15 Maret 2007, perlawanan belum juga padam. Bentrokan-bentrokan kecil masih terjadi di berbagai kawasan Nandigram antara polisi yang bersenjatakan gas air mata dan tongkat pemukul dengan warga yang marah atas insiden pada hari sebelumnya. Beberapa warga sempat membakar kantor administratif CPI-M lokal dan menyerang seorang petugas polisi di depan rumah sakit yang penuh dengan para kerabat korban meninggal dan luka-luka.
Insiden 14 Maret 2007 menyulut kemarahan masyarakat India termasuk juga grup-grup akar rumput dan partai-partai Kiri anggota Left Front lainnya seperti Revolutionary Socialist Party, All India Forward Bloc, Revolutionary Communist Party of India, West Bengal Socialist Party, Democratic Socialist Party, dll. Protes besar-besaran atas pembunuhan tersebut terjadi dalam skala nasional di hampir seluruh wilayah India.

Kapitalisme global, kekuasaan, dan negara

Grup Salim terus melebarkan sayap bisnisnya di India.
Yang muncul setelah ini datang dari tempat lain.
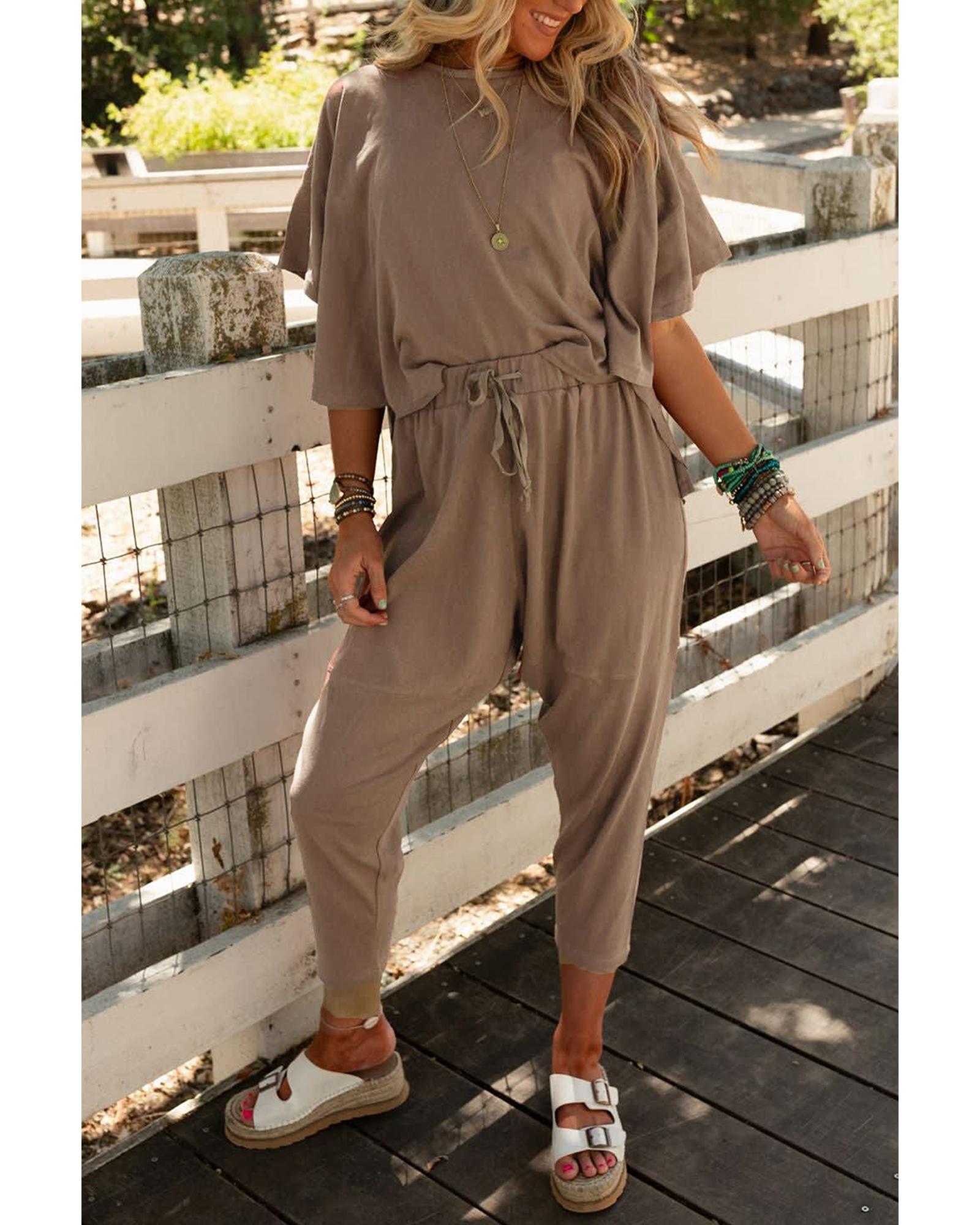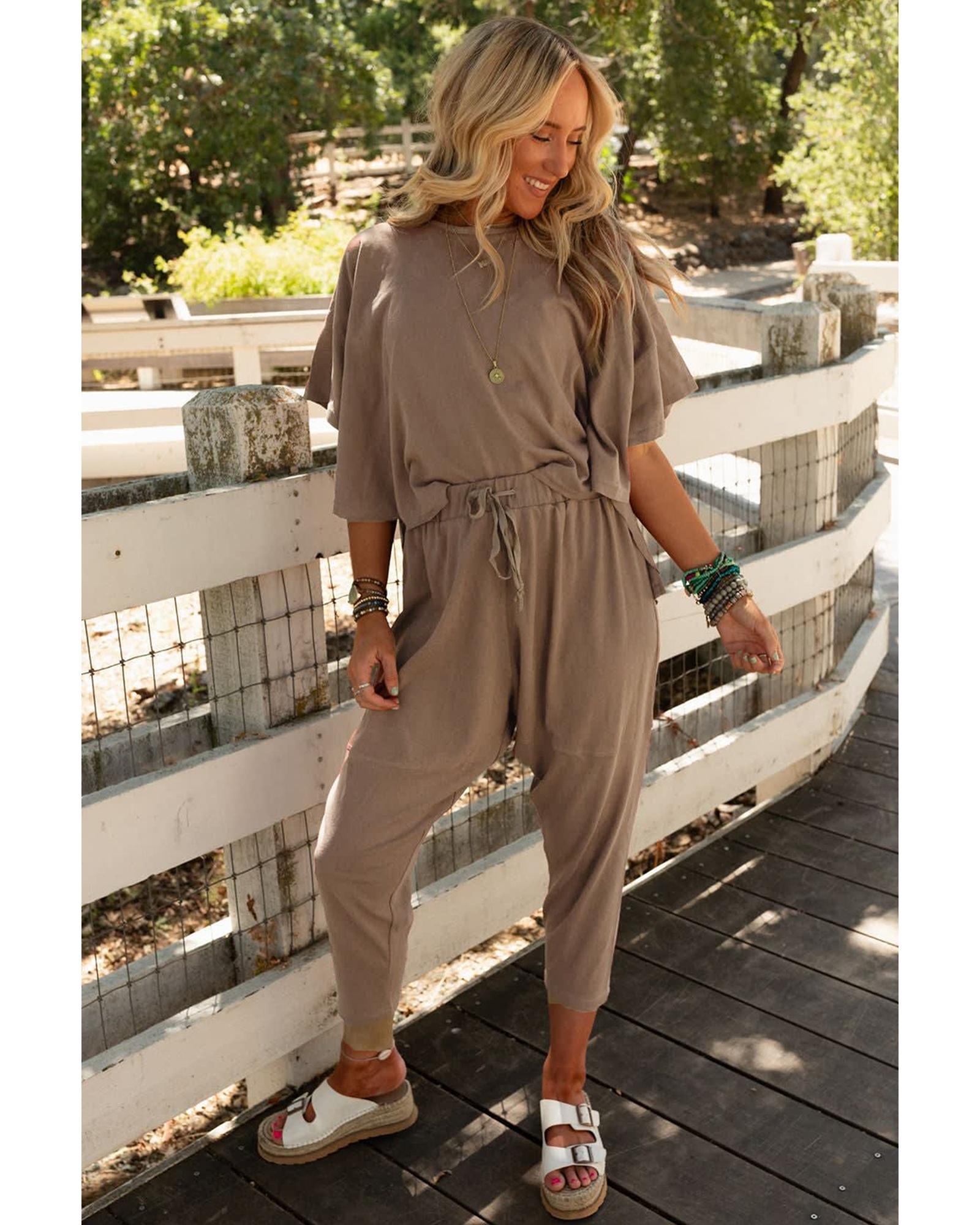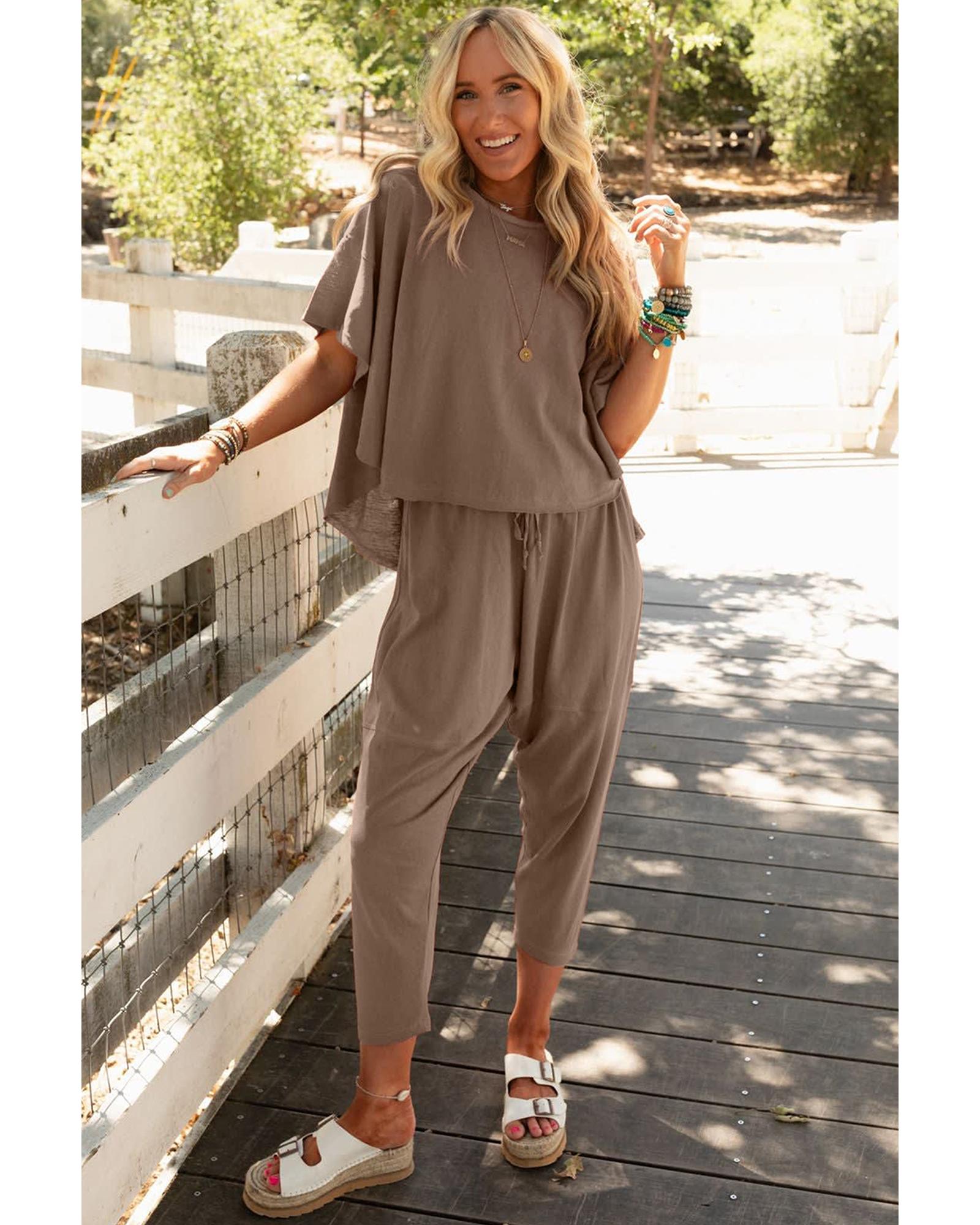 Simply Taupe High Low Boxy Fit Tee and Crop Pants Set – L

Setelah membangun perkotaan dan pabrik sepeda motor dengan total investasi sekitar US$ 580 juta melalui bendera Kolkata West International Private Limited, kini Salim mulai menjajaki pembangunan pabrik mie instan. Untuk tahap awal, Salim Group telah diberi kepastian dari pemerintah India untuk membebaskan lahan seluas 500 acre di Howrah, India. Di atas lahan tersebut akan dibangun sebuah pabrik mie instan terbesar. Pembangunan pabrik mie instan milik Grup Salim di India dilakukan dengan menggunakan bendera Ambica Jute Mills Limited yang merupakan anggota dari Kankarai Group.
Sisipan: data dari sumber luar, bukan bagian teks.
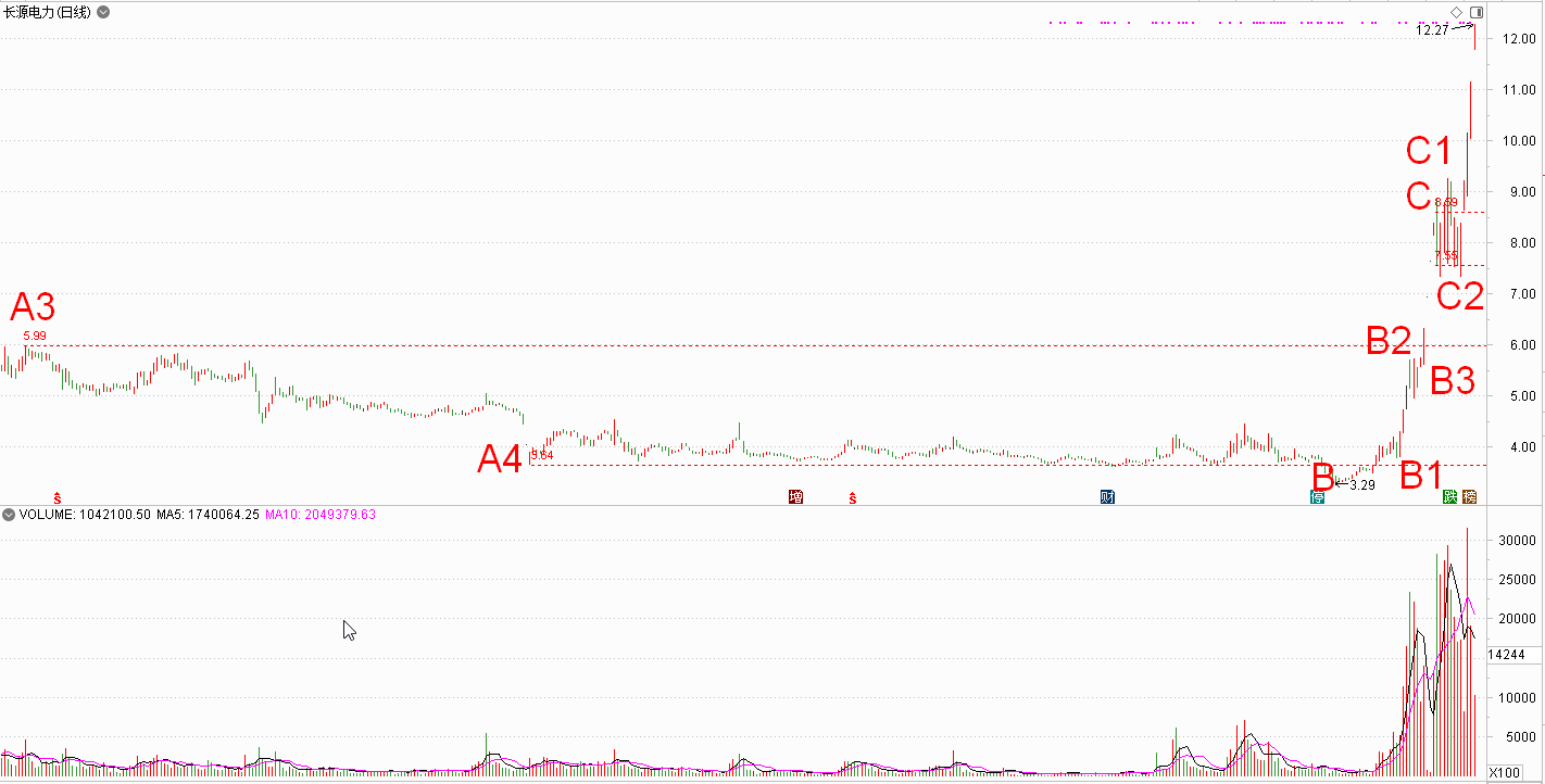 从后面的走势看,我们的预判得到了精彩的应验。我们预判的次日,也就是B3线那天,该股再次涨停并有效突破365线,而后连续一字板+T字板拉升,前后一口气拉了四个板才打住。到了C柱的时候,终于高开低走收出了一根近乎跌停的高量阴线。

Di Indonesia, Grup Salim sangat dekat dengan rezim orde baru. Melihat kedekatannya dengan rezim Soeharto, tidaklah terlalu mengherankan mengapa korporasi tersebut mampu menjadi korporasi terkaya dan menguasai pasar di Indonesia selama Soeharto berkuasa. Mereka menyokong senjata bagi Soeharto yang kemudian mendapatkan kursi kekuasaannya lewat pembantaian komunis di Indonesia. Ironisnya, dalam praktek kebijakan neoliberal di India, Grup Salim memenangkan hati pemerintahan India yang komunis, dengan membantai para pendukungnya pemerintahan tersebut: para petani kecil. Kontradiksi ini sekali lagi memperlihatkan kepada kita semua bahwa siapapun yang memegang kekuasaan di sebuah negara, kapitalisme lah yang akan tetap keluar sebagai pemenangnya. Kapitalisme akan selalu mendukung pemerintahan manapun yang mampu mendukung kepentingan ekonomis mereka. Di bawah rezim kapital, siapapun yang duduk di kursi kekuasaan, korporasi lah yang akan menang.
Di benak kebanyakan orang, kapitalisme dan neoliberalisme adalah mengenai kebijakan Amerika Serikat (AS). Namun dari kisah pembantaian para petani di India, terlihat bahwa apa yang selama ini ada di benak kebanyakan orang mengenai AS sebagai pelaku neoliberalisme tidaklah sepenuhnya benar. Kapitalisme yang berujud neoliberalisme bukan lagi mengenai kepentingan sebuah negara bangsa, melainkan kepentingan akumulasi kapital bagi korporasi. Dan dalam neoliberalisme, siapapun, dari negara manapun dapat berpartisipasi dalam praktek imperialisme global.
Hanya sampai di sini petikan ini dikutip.